Las vendedoras ambulantes van de puerta en puerta con cestos llenos de ropa; debajo de la ropa llevan exquisiteces como huevos frescos y mantequilla. Los hombres que trabajan en los aserraderos siempre están en huelga para protestar contra los míseros salarios, y la madera cuesta el doble de lo que costaba en 1789. En un callejón situado detrás del Café du Foy venden pollos por la noche, a un precio astronómico.
Un día pasó un niño con una hogaza de pan frente al mercado. Una mujer, que lucía la roseta tricolor, lo derribó al suelo, le arrebató la hogaza de pan, la partió en pedazos y los arrojó a la alcantarilla, diciendo que puesto que ella no podía permitirse el lujo de comer pan, no quería que nadie lo comiera. Las ciudadanas del mercado le dijeron que había cometido una estupidez. La mujer se encaró con ellas y replicó que eran unas aristócratas y que dentro de poco todas las mujeres de más de treinta años serían guillotinadas.
Robespierre estaba incorporado en la cama, apoyado en cuatro almohadas. Se hallaba convaleciente y ofrecía un aspecto más joven. Llevaba el cabello castaño rojizo sin empolvar. La cama estaba cubierta de papeles. En la habitación reinaba un leve olor a mondas de naranja.
– El doctor Souberbielle dice que no debo comer naranjas, pero no puedo comer otra cosa. Dice que mi afición a los cítricos me perjudica y que él no se hace responsable. Marat me ha enviado una nota. ¿Podrías traerme un poco de agua fría, querida Cornélia? Pero muy fría.
– Desde luego -respondió la joven.
– Bien hecho -dijo Camille.
– Ya no sé en qué pensar para librarme de ella. Siempre te dije que las mujeres eran un estorbo.
– Pero en aquellos tiempos tu experiencia sólo era académica.
– Acerca la silla, no quiero forzar la voz.
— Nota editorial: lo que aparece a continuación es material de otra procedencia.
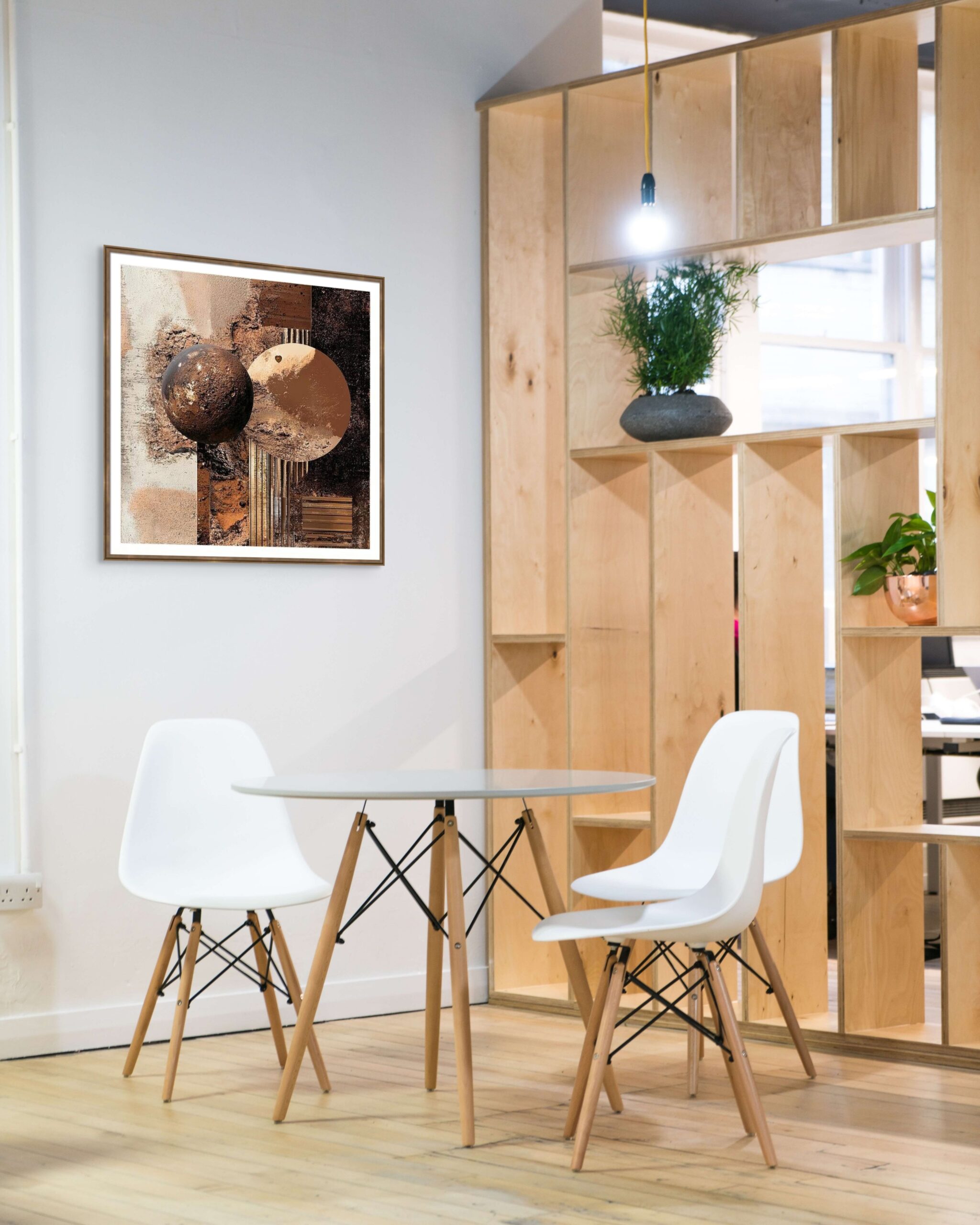 Elevate your space with vertical storage. “Mocha Muse #11 energy art by Mary Ann Benoit.

No sé qué vais a hacer en la nueva sede de la Convención. Aunque antiguamente fuera un teatro, su acústica deja mucho que desear. A los únicos que podremos oír son a Georges-Jacques y a Legendre. En Versalles teníamos que gritar para hacernos oír, y no digamos en la Escuela de Equitación… Hace cuatro años que me duele la garganta.
– No me lo recuerdes. Esta noche tengo que hablar en el Club de los Jacobinos.
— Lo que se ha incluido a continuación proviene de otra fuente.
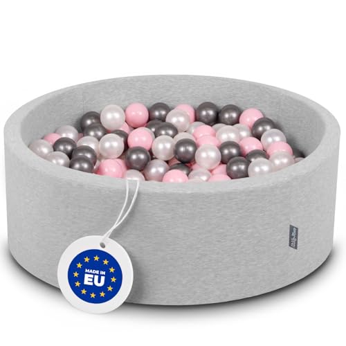 KiddyMoon Piscine À Balles pour Bébé Rond 90X30cm/300 Balles 7Cm Fosses À Boules Jouet Enfant, Gris Foncé:Perle/Rose Clair/Argenté
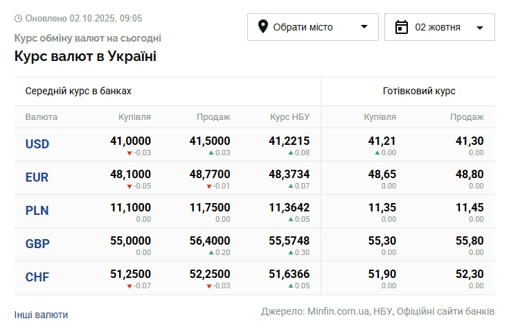 - 1 долар США - 41,22 грн (41,14 грн станом на 1 жовтня)
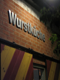 I ventured downtown the other night to check out Wurstkuche, a Father's Office-esque grilled sausage bar. It is in the Arts District of downtown, with a nice view of what I like to call "the backside of downtown." You place your order at the counter, grab your drinks and your number, head down the hall and try to find a seat in the main dining room. Dark, with communal tables, bar and DJ station. They bring out your food pretty quickly, but if you decide to get more food, it is back to the first room and wait in line. The menu is just suasages, choice of a toppings, fries with many dipping sauces, and pleanty of exotic beer on tap. We both opted for the Bockwurst with grilled onlins and sweet peppers, large fries with pesto mayo and blue cheese walnut and bacon dip. We should have just gotten two of the blue cheese, it was so good. Two pints of Pabst Blue Ribbon (I know, not very exotic, but cheap) brought the tab to $22.78. A bargin. I was full but not stuffed. If you are hungry, go ahead and order two sausages. This place is pretty cool, with good food and comfortable atmoshere for lingering and enjoying the night.

Su panfleto contra Brissot ya se había publicado, y esta noche el club votaría a favor de reimprimirlo y distribuirlo. Pero querían oírlo y verlo a él en persona. Robespierre lo comprendía perfectamente; era importante que le oyeran y vieran a uno.
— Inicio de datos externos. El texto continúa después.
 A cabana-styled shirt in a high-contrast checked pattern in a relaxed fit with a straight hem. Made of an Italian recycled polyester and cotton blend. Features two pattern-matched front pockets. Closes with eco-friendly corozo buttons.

– No puedo permitirme el lujo de caer enfermo -dijo-. ¿Habéis visto a Brissot?
– No.
– ¿Y a Vergniaud?
– No.
– Deben de estar tramando algo.
– Me parece que acabo de oír la voz de tu hermana Charlotte. Tengo un oído finísimo.
– Es que Maurice ha ordenado a sus obreros que dejen de trabajar. Cree que tengo jaqueca. Pero es muy amable. Eléonore tendrá que quedarse abajo para impedir que Charlotte suba a verme.
– Pobre Charlotte.
– Sí, y pobre Eléonore. A propósito, tengo que pedir a Danton que no sea tan grosero con ella. Sé que no es muy agraciada, pero todas las muchachas tienen el derecho de intentar ocultarlo. Me molesta que Danton vaya por ahí burlándose de ella. Dile que no lo haga, por favor.